• DATASET RECORDS
BEGIN

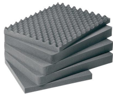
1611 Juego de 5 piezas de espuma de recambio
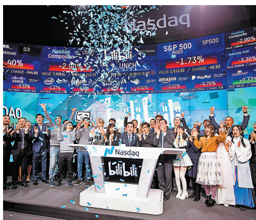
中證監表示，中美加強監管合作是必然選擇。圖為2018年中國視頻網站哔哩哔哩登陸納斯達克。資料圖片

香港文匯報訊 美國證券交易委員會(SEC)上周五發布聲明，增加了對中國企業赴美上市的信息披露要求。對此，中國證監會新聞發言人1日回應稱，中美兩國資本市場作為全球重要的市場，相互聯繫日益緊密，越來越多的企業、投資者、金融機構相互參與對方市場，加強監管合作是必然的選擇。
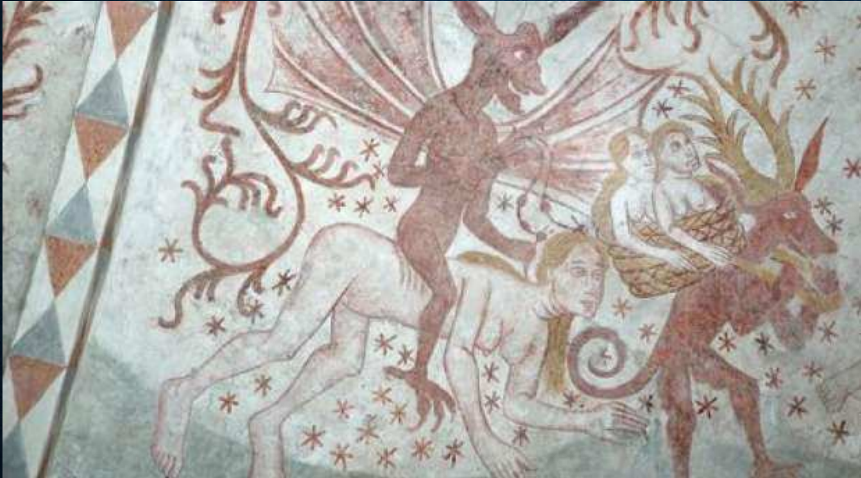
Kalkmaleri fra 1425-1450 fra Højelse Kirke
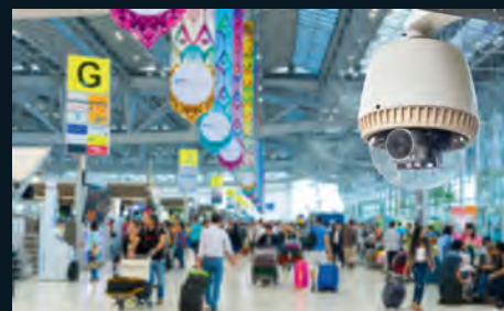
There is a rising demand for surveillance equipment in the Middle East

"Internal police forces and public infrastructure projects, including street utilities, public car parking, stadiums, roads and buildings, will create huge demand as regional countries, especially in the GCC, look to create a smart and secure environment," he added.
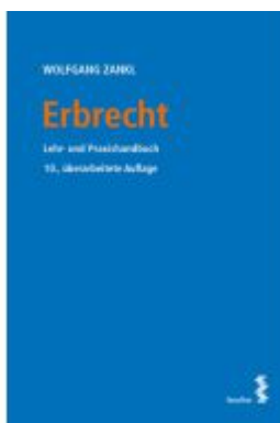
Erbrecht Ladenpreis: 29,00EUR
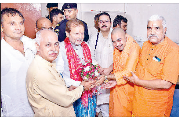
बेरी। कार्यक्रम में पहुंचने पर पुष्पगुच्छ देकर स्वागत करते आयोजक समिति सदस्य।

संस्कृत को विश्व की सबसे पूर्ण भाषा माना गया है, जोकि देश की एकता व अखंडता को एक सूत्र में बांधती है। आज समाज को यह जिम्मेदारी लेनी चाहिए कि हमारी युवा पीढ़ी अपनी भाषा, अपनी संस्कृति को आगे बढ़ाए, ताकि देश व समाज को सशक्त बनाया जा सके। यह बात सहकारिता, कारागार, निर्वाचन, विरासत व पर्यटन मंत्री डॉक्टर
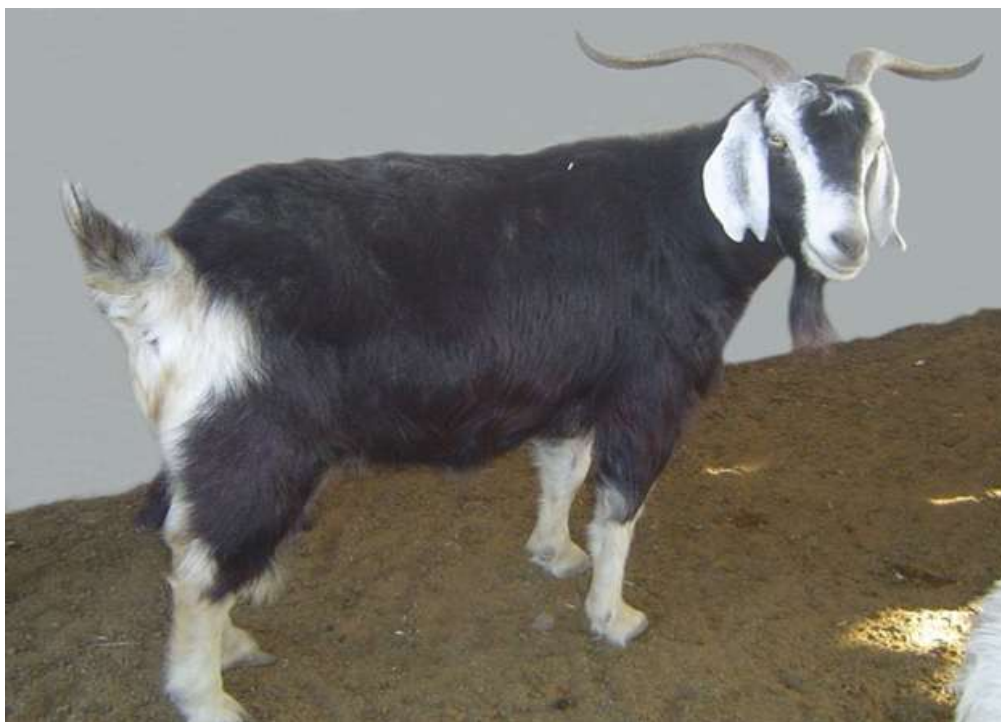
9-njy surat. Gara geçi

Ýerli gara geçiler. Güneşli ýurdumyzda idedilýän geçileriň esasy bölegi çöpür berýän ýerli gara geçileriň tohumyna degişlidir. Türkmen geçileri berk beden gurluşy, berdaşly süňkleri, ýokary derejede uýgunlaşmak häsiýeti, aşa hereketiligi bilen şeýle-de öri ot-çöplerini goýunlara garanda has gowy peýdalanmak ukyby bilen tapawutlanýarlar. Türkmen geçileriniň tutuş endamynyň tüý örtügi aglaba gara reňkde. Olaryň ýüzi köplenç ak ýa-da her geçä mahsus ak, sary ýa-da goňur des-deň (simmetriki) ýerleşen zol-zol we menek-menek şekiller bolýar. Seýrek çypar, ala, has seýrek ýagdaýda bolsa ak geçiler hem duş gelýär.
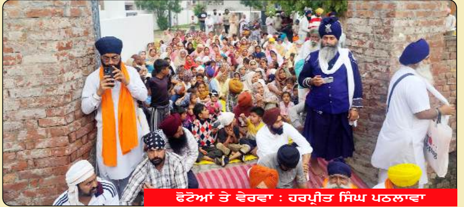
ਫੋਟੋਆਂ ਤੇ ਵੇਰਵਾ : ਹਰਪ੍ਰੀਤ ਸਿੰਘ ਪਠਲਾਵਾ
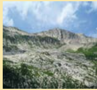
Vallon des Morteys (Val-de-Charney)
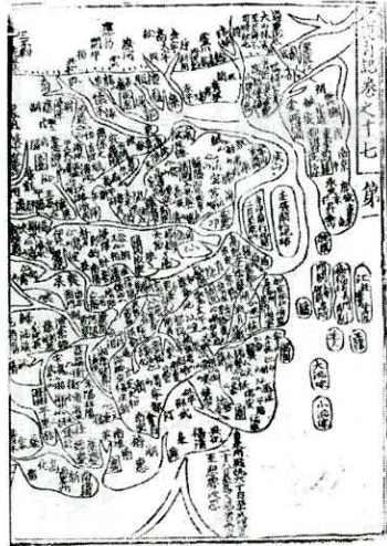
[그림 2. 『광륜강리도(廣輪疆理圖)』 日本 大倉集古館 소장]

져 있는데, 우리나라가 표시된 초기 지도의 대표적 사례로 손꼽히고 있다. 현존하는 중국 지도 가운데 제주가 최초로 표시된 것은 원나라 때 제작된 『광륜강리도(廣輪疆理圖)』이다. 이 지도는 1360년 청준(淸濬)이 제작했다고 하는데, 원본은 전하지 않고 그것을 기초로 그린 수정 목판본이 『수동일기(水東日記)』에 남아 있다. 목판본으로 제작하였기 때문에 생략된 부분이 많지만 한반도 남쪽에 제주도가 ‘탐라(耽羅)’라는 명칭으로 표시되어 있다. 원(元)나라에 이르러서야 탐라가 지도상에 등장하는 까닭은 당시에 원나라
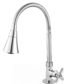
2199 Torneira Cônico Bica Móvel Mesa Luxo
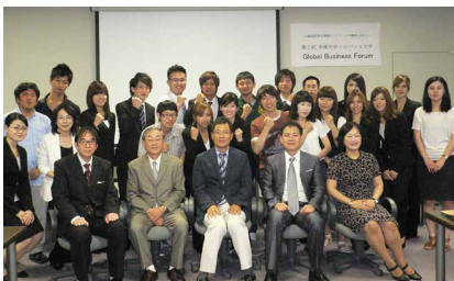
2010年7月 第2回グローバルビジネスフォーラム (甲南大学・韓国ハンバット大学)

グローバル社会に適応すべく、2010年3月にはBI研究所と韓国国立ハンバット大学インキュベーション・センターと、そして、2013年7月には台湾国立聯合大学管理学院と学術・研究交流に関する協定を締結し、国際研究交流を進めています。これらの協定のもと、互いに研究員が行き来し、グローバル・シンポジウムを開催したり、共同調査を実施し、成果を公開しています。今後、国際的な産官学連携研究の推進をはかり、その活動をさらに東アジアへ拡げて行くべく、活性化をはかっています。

END

• EXERCISE
Once you have counted the lines of the records holding the string "광륜강리도", state that number with no other words.

• ANSWER TO THE EXERCISE
2